Your objective: Below are entries with pictures in them. Output exactly the lines starting at the line with "Insia Sohail - Petals" and ending at the line with "Chugach mountains as", both included, but not the pictures.

Information:
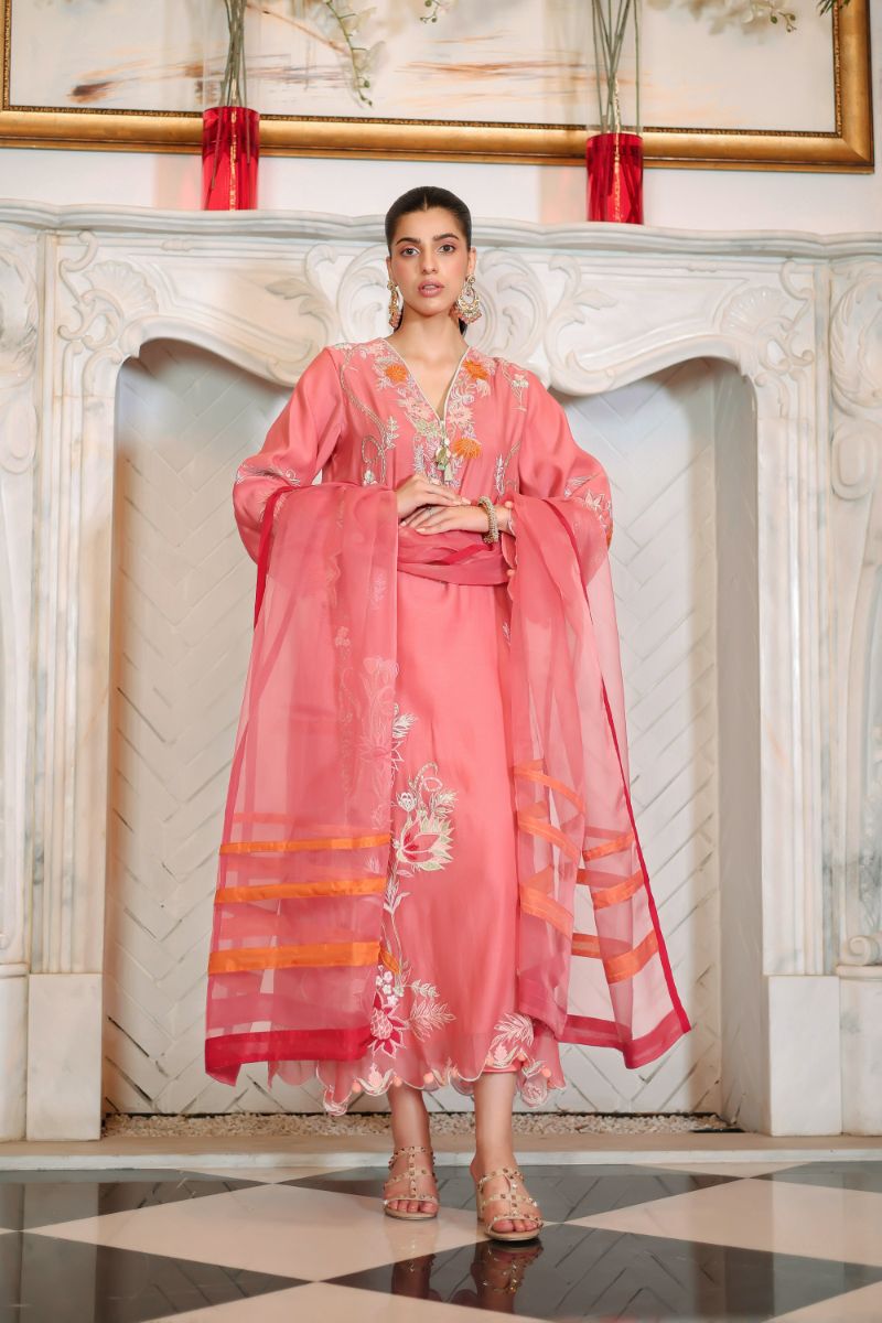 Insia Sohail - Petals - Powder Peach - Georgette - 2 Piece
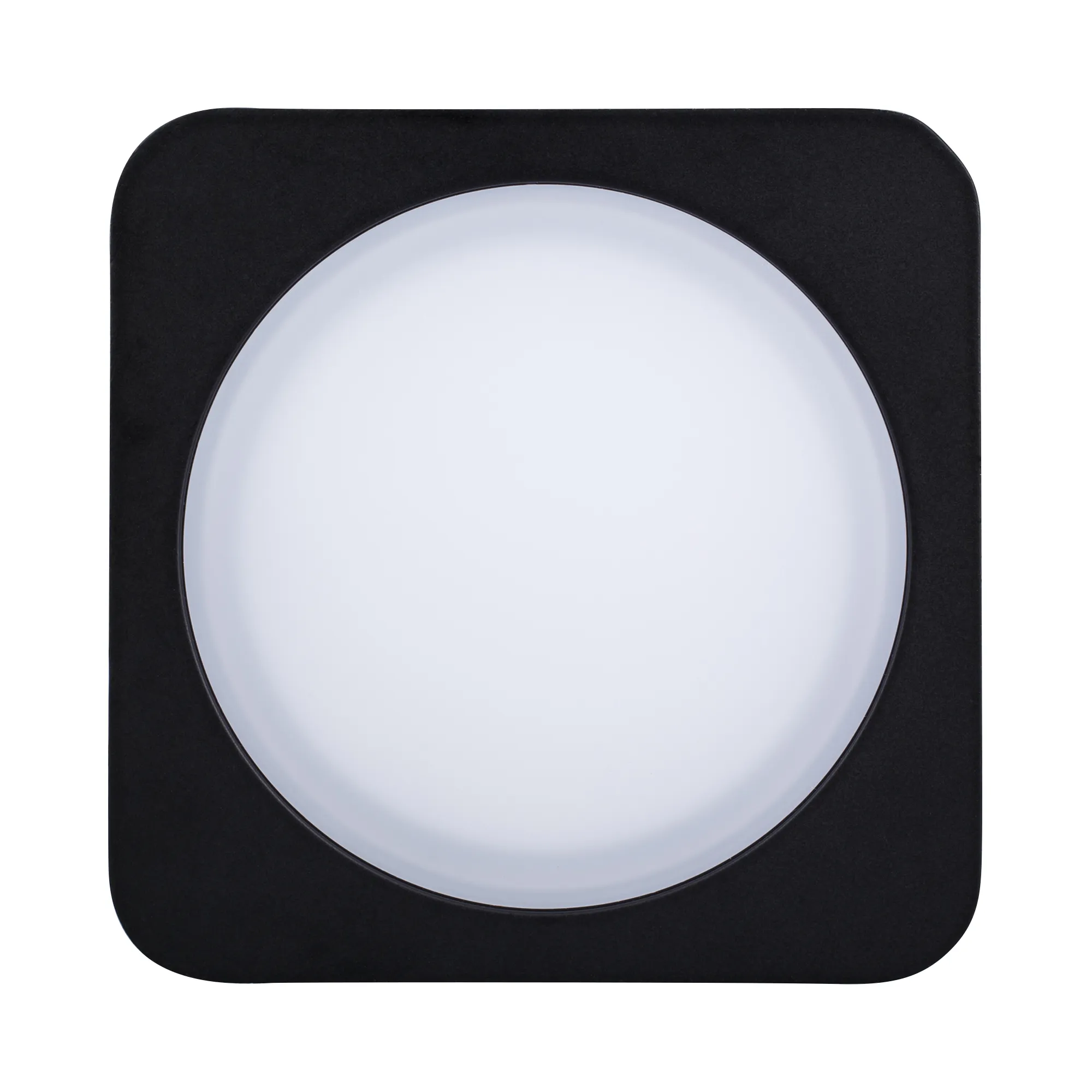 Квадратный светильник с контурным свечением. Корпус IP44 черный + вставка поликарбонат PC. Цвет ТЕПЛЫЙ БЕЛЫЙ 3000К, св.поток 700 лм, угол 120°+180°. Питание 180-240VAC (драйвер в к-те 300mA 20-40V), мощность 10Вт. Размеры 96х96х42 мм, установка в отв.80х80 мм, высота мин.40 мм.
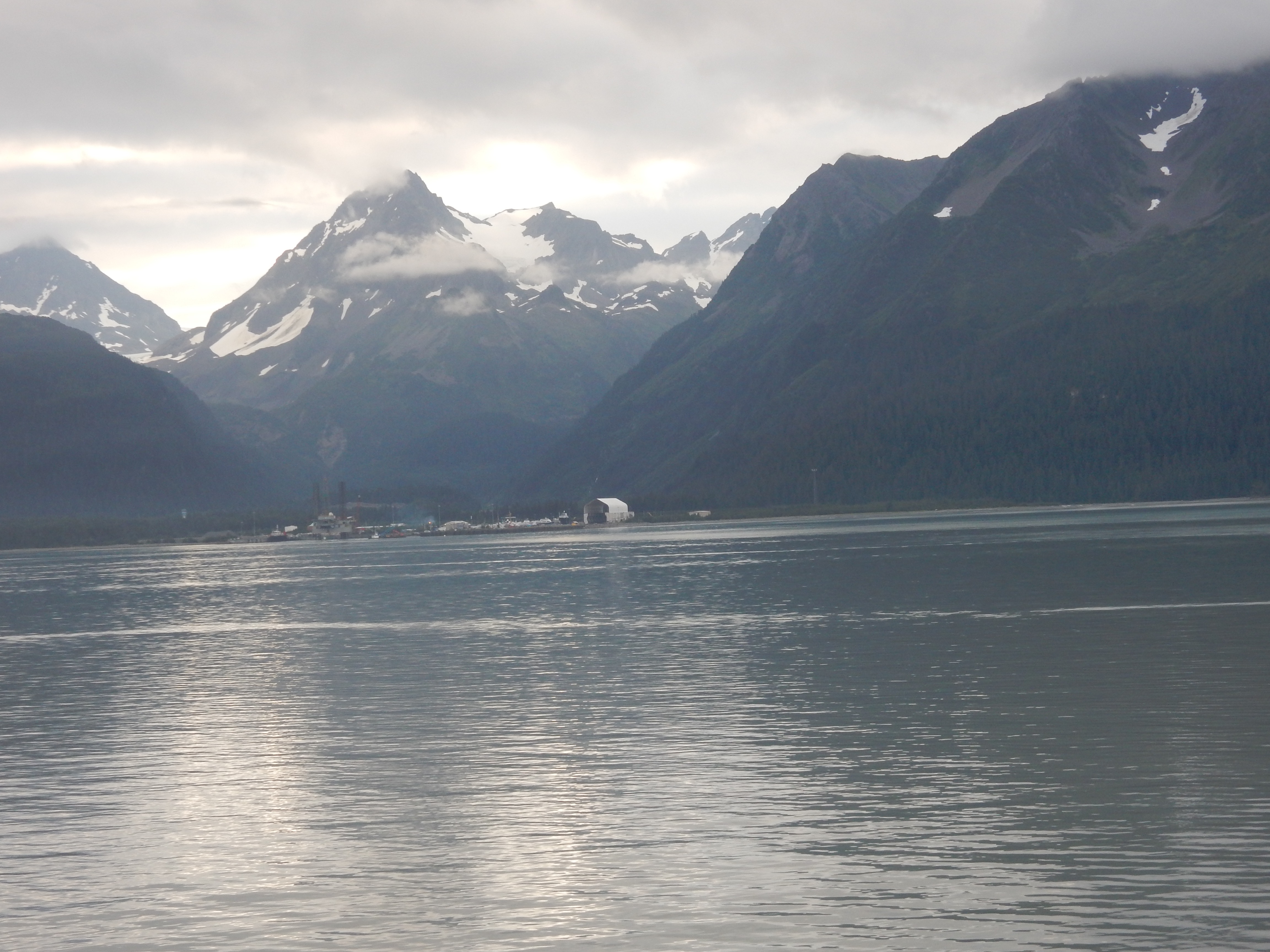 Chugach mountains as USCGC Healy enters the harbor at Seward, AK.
==
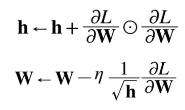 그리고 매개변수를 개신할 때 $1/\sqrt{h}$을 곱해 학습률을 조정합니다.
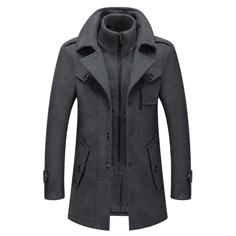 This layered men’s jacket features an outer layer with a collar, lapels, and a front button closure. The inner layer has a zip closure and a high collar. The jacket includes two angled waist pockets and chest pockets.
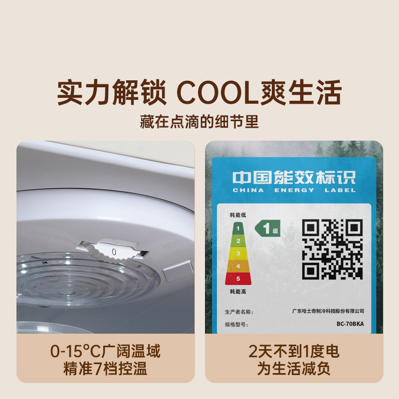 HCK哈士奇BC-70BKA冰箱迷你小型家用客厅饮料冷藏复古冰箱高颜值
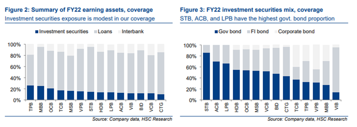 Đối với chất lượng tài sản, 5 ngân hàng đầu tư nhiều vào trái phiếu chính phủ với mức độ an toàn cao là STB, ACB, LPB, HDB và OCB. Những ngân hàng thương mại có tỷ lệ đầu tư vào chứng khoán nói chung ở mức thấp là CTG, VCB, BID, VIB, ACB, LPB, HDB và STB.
==
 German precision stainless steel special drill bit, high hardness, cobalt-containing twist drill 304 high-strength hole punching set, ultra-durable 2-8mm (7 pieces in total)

Answer section:
 Insia Sohail - Petals - Powder Peach - Georgette - 2 Piece
 Квадратный светильник с контурным свечением. Корпус IP44 черный + вставка поликарбонат PC. Цвет ТЕПЛЫЙ БЕЛЫЙ 3000К, св.поток 700 лм, угол 120°+180°. Питание 180-240VAC (драйвер в к-те 300mA 20-40V), мощность 10Вт. Размеры 96х96х42 мм, установка в отв.80х80 мм, высота мин.40 мм.
 Chugach mountains as USCGC Healy enters the harbor at Seward, AK.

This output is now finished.